08/21/2024
Rustcask
I recently released Rustcask to
Github and
crates.io.
Rustcask is a fast and efficient key-value storage engine implemented in Rust. It's based on
Bitcask, "A Log-Structured Hash Table for Fast Key/Value Data".
Here are some interesting sections that I've copied from the
README on Github:
Design
Bitcask
Rustcask follows the design of Bitcask very closely. A Rustcask directory is composed of data files. At any time,
there is only one active data file. Writes are appended to that data file, and once it reaches a certain size,
the file is closed and marked read-only.
An in-memory data structure (see
keydir.rs) maps each key to the data file and offset of the
most recently written value for that key. This means that reads require only a single disk seek.
On restarts, Rustcask traverses data files within the Rustcask directory to rebuild the keydir.
By writing values to disk sequentially, Bitcask and Rustcask are able to achieve high write throughput.
However, this append-only strategy means that stale (overwritten) values accumulate in the data files. This is why Bitcask and Rustcask
provide a
merge function, which compacts data files and removes stale keys. In production environments, managing background data file compaction
without affecting the key-value store's performance is a tricky problem.
Rustcask vs. Log-Structured Merge-Trees (LSM-trees) like LevelDB
What are the benefits of Rustcask over LSM-tree-based storage engines?
Rustcask's design is much simpler than LSM-tree storage engines like LevelDB. As such, it's an easy code base to maintain.
Additionally, Rustcask has less read amplification than LevelDB. For example, as described in the
WiscKey paper, LevelDB has high read amplification because you may have to read up to 14
SSTable files to find the data you're looking for. In Rustcask, we store the entire keydir in memory,
which means that reads require only a single seek.

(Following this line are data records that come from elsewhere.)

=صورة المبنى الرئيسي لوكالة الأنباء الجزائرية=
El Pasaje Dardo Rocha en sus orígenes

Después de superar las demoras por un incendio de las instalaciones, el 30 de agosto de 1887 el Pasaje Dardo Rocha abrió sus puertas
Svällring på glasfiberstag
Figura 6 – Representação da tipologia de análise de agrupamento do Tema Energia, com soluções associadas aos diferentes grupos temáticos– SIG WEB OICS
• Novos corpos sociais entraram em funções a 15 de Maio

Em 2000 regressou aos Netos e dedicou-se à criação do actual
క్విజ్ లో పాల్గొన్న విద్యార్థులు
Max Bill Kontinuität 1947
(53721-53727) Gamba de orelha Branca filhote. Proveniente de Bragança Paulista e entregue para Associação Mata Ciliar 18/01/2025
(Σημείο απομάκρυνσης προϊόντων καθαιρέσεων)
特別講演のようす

What are the benefits of LSM-trees like LevelDB over Rustcask
Rustcask stores the entire key-set in memory. If your key-set won't fit in memory, then LevelDB is a much better alternative
because LevelDB stores a sparse index of the key-set in memory.
LevelDB also supports efficient range queries because it writes values to disk in sorted order. Rustcask does not.

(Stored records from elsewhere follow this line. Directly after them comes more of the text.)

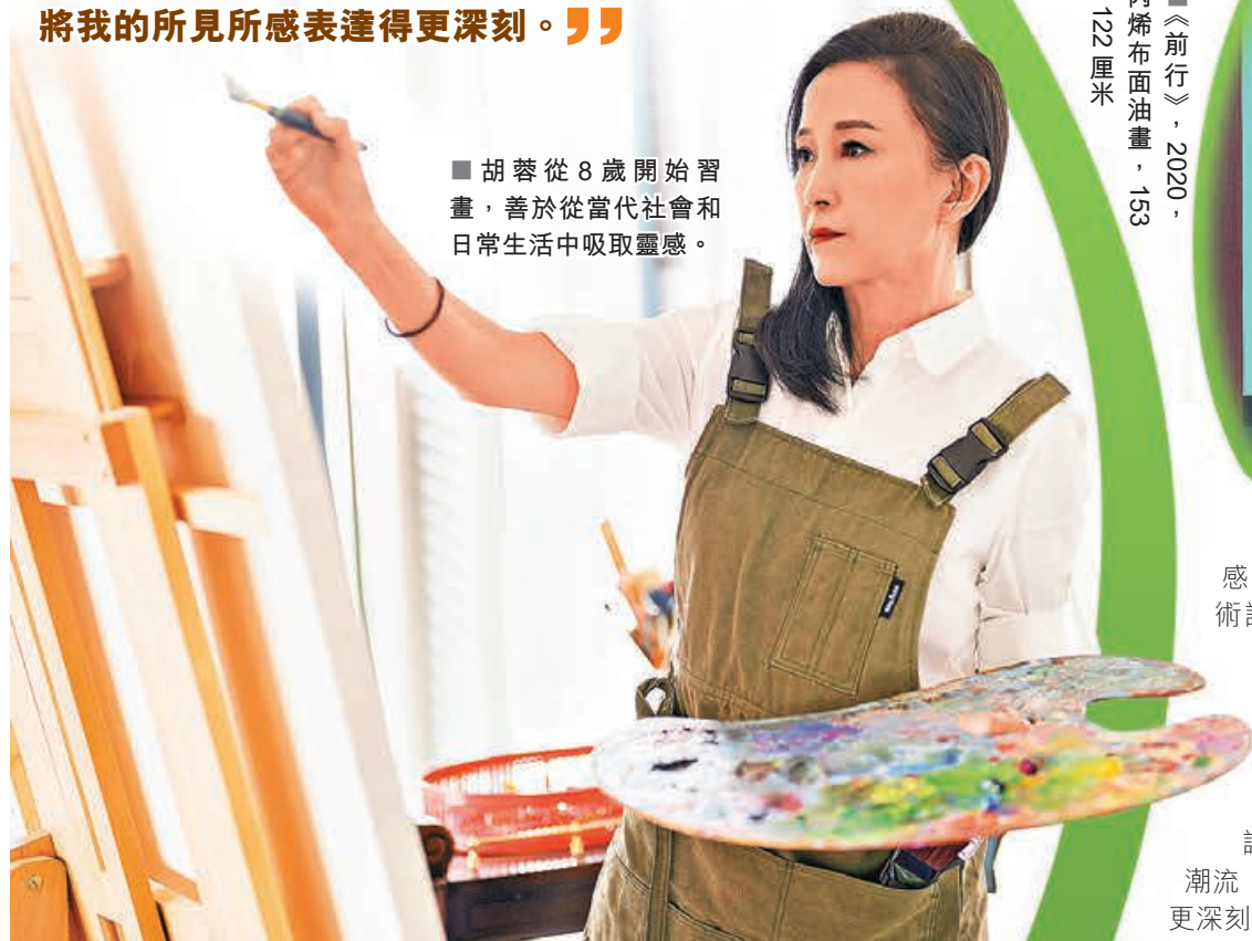
■《前行》，2020，丙烯布面油畫，153 x 122 厘米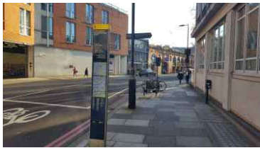
말리본 하이스트리트 초입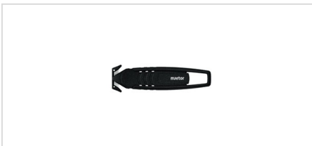
Nyhhet! Säkerhetsskärare SECUMAX 148 Önskar du mer miljövänliga alternativ? Säkerhetsknivar i återvunnen plast?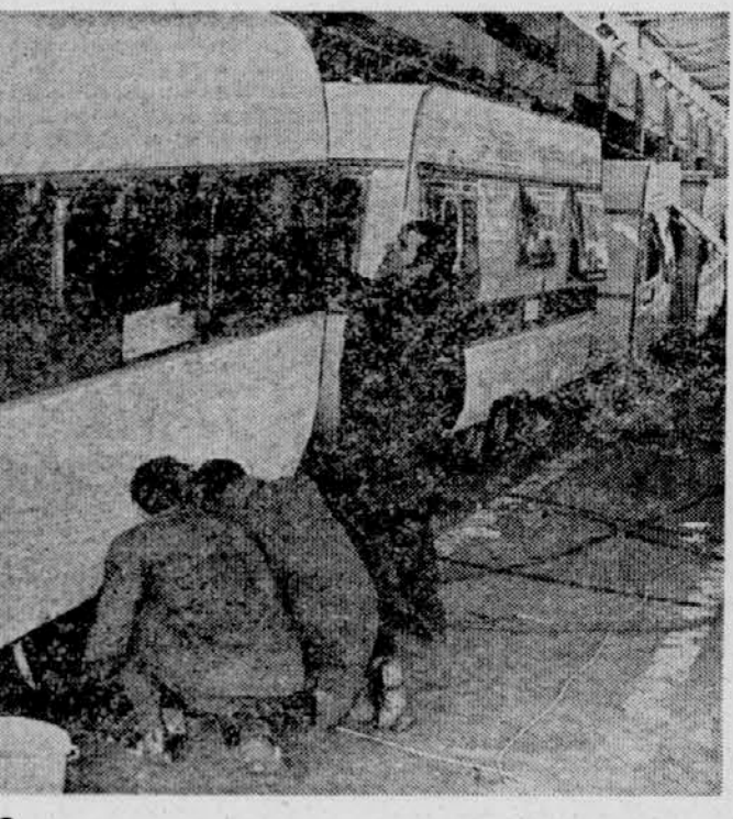
Vsak dan več prikolic NOVO MESTO, 10. oktobra — Tovarna IMV v Novem mestu se je po dolgoletnem trudu ustvarila med največje evropske proizvajalce poštinskih prikolic, odkar dela tudi njihova tovarna v Belgiji, pa se je proizvodnja povzpela na okroglih 100.000. Večina prikolic je prirejenih za različna področja, kot na primer posebno grejle za švedske kupce ipd. Pravo, da kljub konkurenci uspešno prodajajo.

dovolj denarja za takšne naloge, saj bi v tem primeru vsa dohodka ostajali doma. Slovenski predstavniki pa so postavili vprašanje, če so ti kovanci sploh priložnostni denar ali kaj drugega: iz osnutka zakona namreč ni razvidno, kakšna je njihova funkcija, saj plačilno sredstvo bržkone ne bodo. Ne nazadnje pa ne kaže pobud za kovanje takšnega denarja primerjati s kovanci, ki smo jih izdelali ob 25-letnici II. zasedanja AVNOJ, še posebno, ker bo tokar največ dela opravilo naše podjetje in so navedenega močne tudi razne spekulacije. Pomisliškov je torej precej. Ker jih nikakor ne gre pripisovati zgolj nejasnostim v svezi s pobudo organizatorjev sredozemskih iger v Splitu, bi kazalo o tej problematiki čimprej razmisliti s širšega vidika in jo kompleksno urediti s splošno uporabnim zakonom.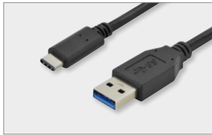
Typ-C™ - A, M/M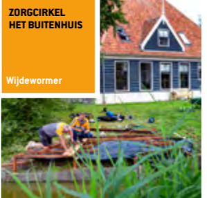
ZORGCIRKEL HET BUITENHUIS Wijdewormer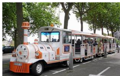
Le petit train de Laval

Les 3 pages « fiche d'inscription » sont à remplir et à retourner avec le paiement de l'inscription à l'adresse suivante :

And finally, LevelDB is likely much more efficient in how it manages the background compaction process.
I used the
Divan crate for benchmarking Rustcask.
The benchmarks that I wrote are stored under the
benches directory.
I've found that for write-heavy workloads,
I'm able to achieve a write bandwidth that is very close to the max write bandwidth my disk supports:
On my local desktop,
I have a disk that supports up to 560 MB/s of sequential write throughput.
The
bench_writes workload shows that Rustcask is able to achieve up to 503 MB/s of write throughput.

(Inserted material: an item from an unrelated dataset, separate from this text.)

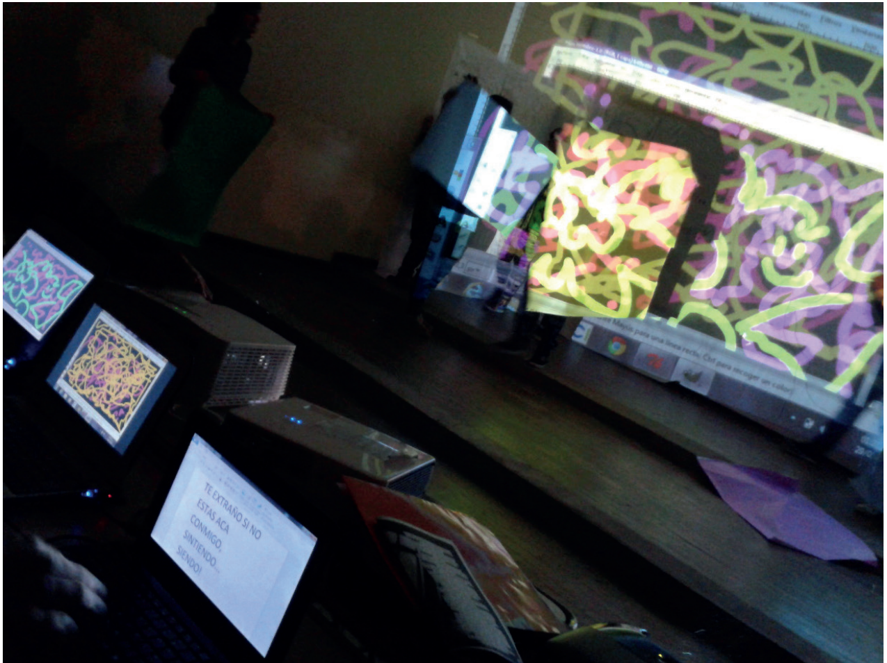
Fig 1. Marcela Rapallo - 2015 - Registro de Acción poética con dibujo en vivo Formación CAJ Mar del Plata

En cuanto a la dimensión temporal del dibujo, Andrés Colubri (2009) escribe en su Tesis Estado latente que la naturaleza procesual del cine en vivo es la clave para la madurez del género. Hace foco en el dibujo en vivo como el elemento central de este tipo de performances por considerarlo un acto profundamente performático, donde el gesto transmite directamente las emociones del artista, y su fisicalidad a través del trazo, en el momento de la creación.

Read workloads also perform well, as they require only a single disk seek, and the operating system's caching layers eliminate many disk accesses anyways.
Usage
For examples of usage, see the
integration tests, or the
performance tests.
The cargo documentation is also available at
docs.rs/rustcask.
Here is a simple set-get example:
Synchronous mode
By default, writes to Rustcask are not immediately flushed to disk. This improves performance
because the operating system can batch writes to disk. However, you can force
Rustcask to immediately flush all writes to disk by enabling sync mode:
Logging
Rustcask links to the
log crate, and uses the provided macros to log useful information.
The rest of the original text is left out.